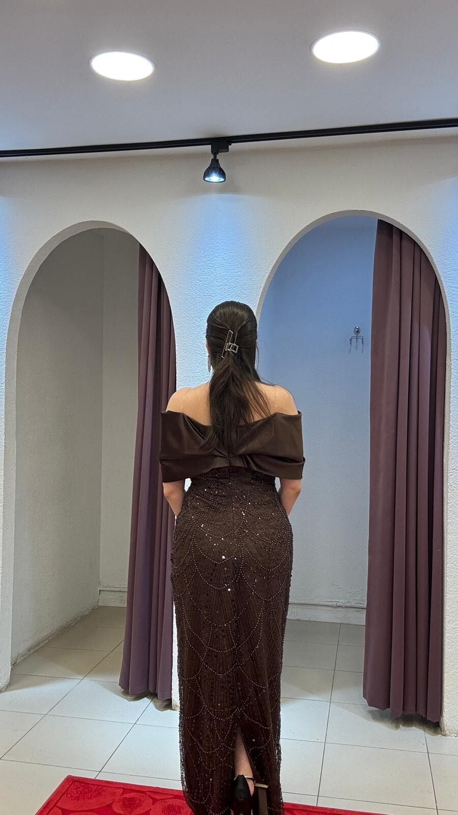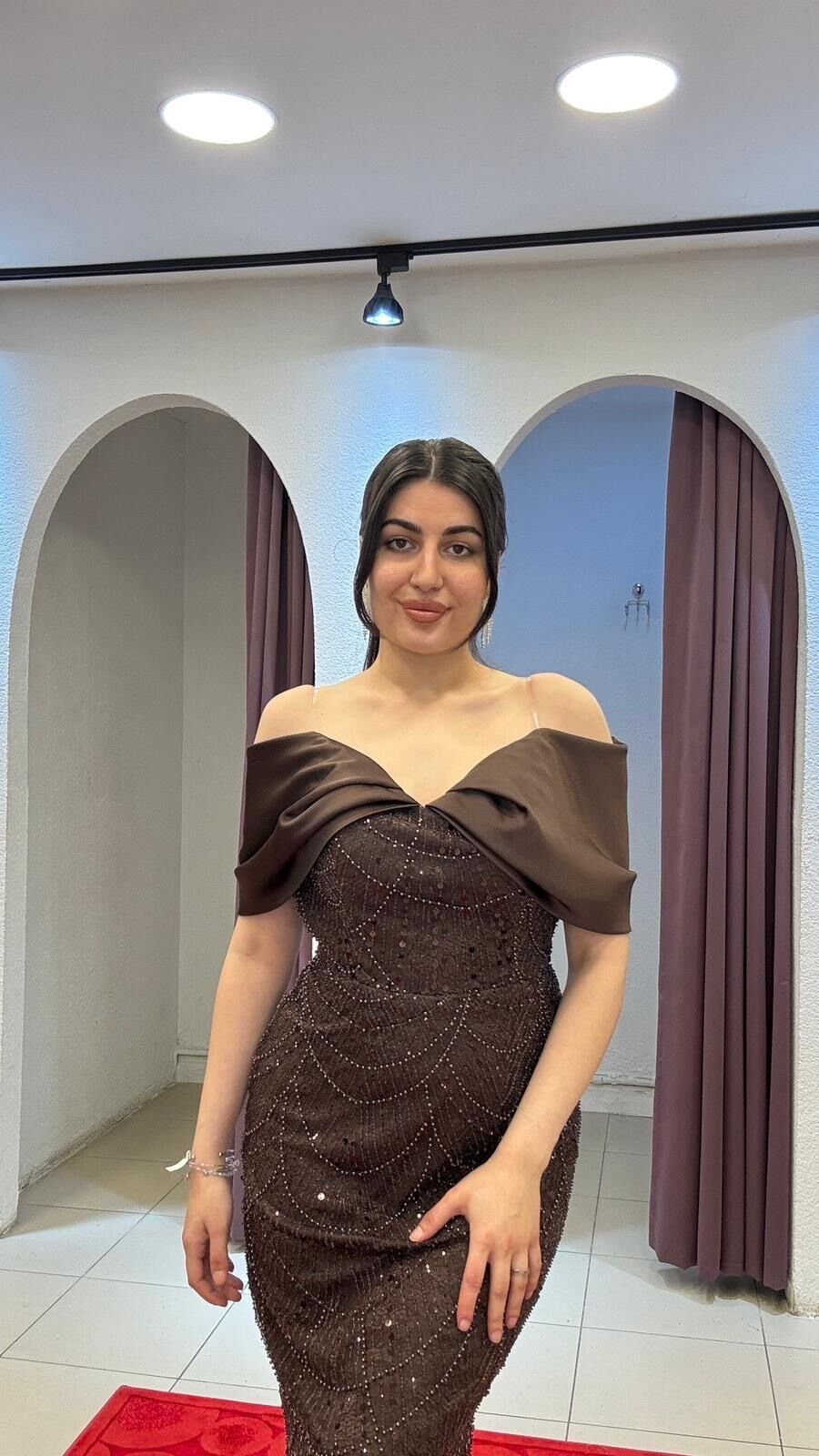 Kahverengi Madonna Yaka Taş Detaylı Balık Model Arkadan Yırtmaçlı Şık Abiye Elbise 46
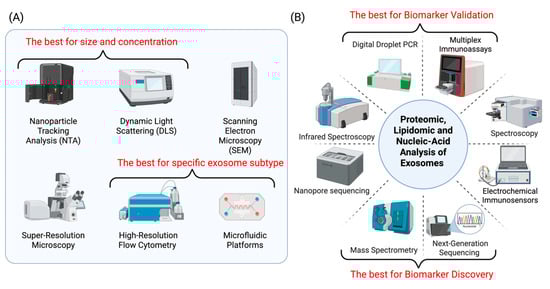 Comprehensive analytical methods available for physical characterization (A) and molecular analysis (B) of exosomes.
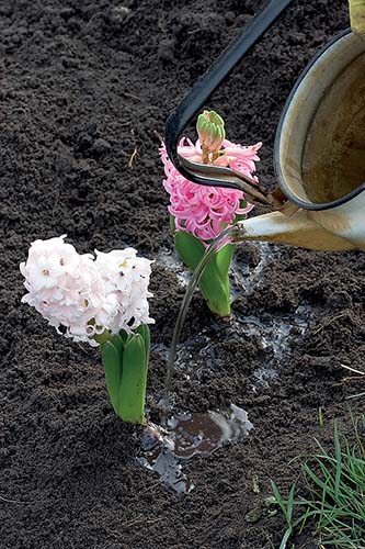 L'arrosage des jacinthes doit être pris au sérieux, la stagnation de l'humidité est contre-indiquée pour les bulbes, mais la terre ne doit pas se dessécher, alors essayez d'humidifier modérément et peu profondément le parterre de fleurs. Surtout souvent (mais pas abondamment), il est nécessaire d'arroser la plante pendant la période de son bourgeonnement et du début de la floraison, ainsi que dans les 2 semaines qui suivent.
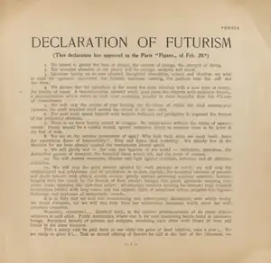 - ↑ "Manifesto of Futurism | British Library". www.bl.uk. 2023-09-28. Retrieved 2023-09-28.
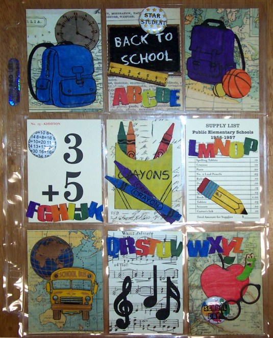 As we say goodbye to summer and usher in the new season with its cooler weather, I decided to share two separate projects I created recently using some fabulous products by Creative Embellishments. 😀 First up, I created a four ATC set for a trade partner I met through a facebook group. Since all 4 were for a single recipient, I made them all similar, yet different. For the base, I distressed and layered papers that I’d stamped with the CE Distressed Text Stamp and splattered with black India ink, then swiped a bit of gesso onto corrugated cardboard. I topped each cardboard piece with some wood veneer pieces from the CE Summer,  Anchor, or Boat Wheel sets. I finished them with a bit of tied twine around each piece. Here’s how they turned out:

^^^^^^^^^^^^^^^^

TASK
Pictures excluded, repeat the records exactly from their opening line through the line containing "Comprehensive analytical methods".

WRITTEN ANSWER
 Kahverengi Madonna Yaka Taş Detaylı Balık Model Arkadan Yırtmaçlı Şık Abiye Elbise 46
 Comprehensive analytical methods available for physical characterization (A) and molecular analysis (B) of exosomes.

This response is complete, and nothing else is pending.